The years that followed were not always kind to the Menichelli family; one son, Carlo, was killed in the First World War, while Corrado Menichelli, who had so eloquently graced the palazzo’s walls and ceilings with his beautiful frescoes, died at the age of just 24. The pain of loss was too great for some, and still more lives came to be lost prematurely in the years that followed.
After Palazzo Menichelli eventually found its way into the hands of another of Alberto’s sons, Riccardo, under the care of whom the building was used as a safe passage for locals entering and leaving the town during the Second World War and its underground grottas served as a hideout for those on the run from the Nazis, it was finally passed first to Riccardo’s daughter, and then to his grandson, Pierluigi.
And then, one heavenly sunshiny day, in the August of 2020, after the wondrous but at times ill fated palazzo had spent a great many years with it’s beautiful frescoes hidden behind layers of paint while serving as the local school, and decades more abandoned and untouched, an average Aussie girl who’d not long sold her average Aussie house, a girl of the type we’d perhaps refer to back in Australia as a battler, completed her fourteen day quarantine in Rome, hired a rental car, took a quick drive along the Rome Florence autostrada, and made her way to a little medieval hilltop town by the name of Stimigliano.
And, once there, she walked the cobblestoned streets of the Centro Storico, and the arch covered yellow walkway of a secret entrance, until she found herself sitting in the most impossibly lovely frescoed travertine, terracotta and wrought iron stairwell of a long forgotten but strangely magical and utterly endearing palazzo, with the most unimaginably breathtaking views of the great river Tiber and the valley of the same name, of the long dormant volcano of Monte Soratte, and of a hillside awash with olive groves and vineyards.
She sat there in that lovely stairwell, her hands shaking and tears streaming down her face, wondering where in the palazzo she might put each of the precious antique furniture pieces and objects d’arte she’d accumulated during her many years back home in the far away land of Australia, as the final price was negotiated and an agreement finally reached over the phone with Pierluigi, grandson of Alberto and Terzina Menichelli, for her to buy the precious palazzo of her dreams.
Palazzo Menichelli, il palazzo dei miei sogni...
-THE FAMILE MENICHELLI-
FROM A 14TH CENTURY KNIGHT TO ONE OF ITALY'S
LONGEST SERVING MAYORS
The origin of the Menichelli name lays right here in the provinces of Lazio, where the earliest recorded references to the name date back to at least the 14th century.
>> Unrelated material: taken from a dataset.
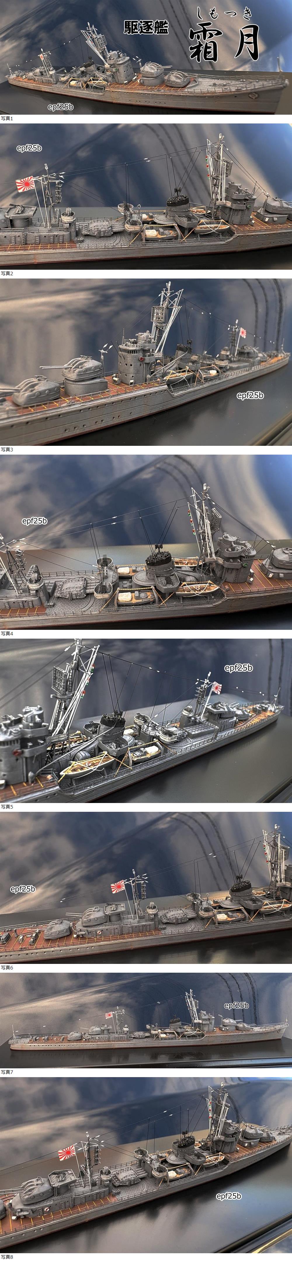 ご覧いただきありがとうございます キットはピットロード製です。 資料は写真集を参考に作製しています。 手直しした箇所は ①船体はパテで修正しています。 ②船体の窓は穴をあけなおしています。 ③リノリウム押さえ金具はランナーで再現しています。 ④リールはエッチングで再現しています。 ⑤砲身は真鍮に交換しています。 ⑥砲塔は補強材・手すり・モンキーラッタル・窓・ハッチなどをエッチングとプラ材で再現しています。 ⑦ボートダビットはエッチングとプラ材で再現しています。 ⑧煙突は排気口などを作り直しています。 ⑨蒸気捨て管は自作しています。 ⑩煙突はジャッキステイ・モンキーラッタルをエッチングで再現しています。 ⑪煙突のカバーはエッチングで再現しています ⑫炊事煙突は真鍮で作り直しています。 ⑬電探はエッチングで再現しています。 ⑭マストは真鍮で作り直しています。 ⑮艦橋は窓枠・手すり・はしご・補強材などをエッチングで再現しています。 ⑯双眼鏡は自作しています。 ⑰機銃は社外品を使用しています。 ⑱魚雷発射管は手すり・ジャッキステイ・ハッチ・モンキーラッタルなどをエッチングで再現しています。 ⑲魚雷つり上げクレーン部はエッチングで再現しています。 ⑳探照灯は社外品を使用しています。 21)爆雷装填台は社外品を使用しています。 22)爆雷投下機はエッチングで再現しています。 23)機銃座下の補強材はエッチングで再現しています。 24)旗棒は真鍮で再現しています。 他にもありますので、是非お手にとって御覧下さい。 駆逐艦 霜月 秋月型の後期型の第1艦「霜月」の建造は三菱長崎造船所で昭和17年7月6日に起工され、翌年4月7日には進水しましたが、搭載予定の缶と機関の製造が間に合わず、造船所内で係留待機をしていたところ、「秋月」が艦種を失って入渠したため、本艦の艦首を切断して「秋月」に移植し、本艦には新たな艦首を建造して取り付けました。その後、機関や缶が到着し、これらの機器や兵装を搭載して竣工したのは昭和19年3月末日でした。 |

However, today there are more than six hundred and forty Menichelli family branches spread throughout Italy, the majority of which are to be found in the regions of Lazio, Le Marche and Umbria. The family was granted its first knighthood in the middle of the 14th century, after the crusader Alessandro Menichelli, fighting under the flag of the Spanish Cardinal Egidio Albornoz, was one of an army that conquered the provinces of Lazio and Spoleto, and those of the Montefeltro of Urbino, the Malatesta of Rimini and the Ordelaffi of Forlì.
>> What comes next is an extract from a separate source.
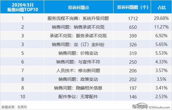 3月,销售问题和服务流程不完善依旧是投诉最为集中的两大问题点,投诉问题数环比都出现了大幅增长。从TOP10榜单中可以看到,“销售承诺不兑现”投诉问题数环比涨幅较大,在总量中的占比已升至两位数。

In the centuries that have passed since, a great many illustrious men and women have borne the Menichelli name, including His Eminence Edoardo Menichelli, Cardinal and Archbishop of Emeritus Ancona-Osimo in Le Marche; acclaimed actresses Dora Menichelli; renowned scientist Marco Menichelli; internationally acclaimed cardiac surgeon Professor Maurizio Menichelli; several times Italian, European and World Champion soccer player Giampolo Menichelli; Olympic, World and European Championship gold, silver and bronze medal winning gymnast Franco Menichelli; and 1970-2004 Mayor of Stimigliano Costante Menichelli, who holds the significant honour of being one of the longest-serving town mayors in Italian history.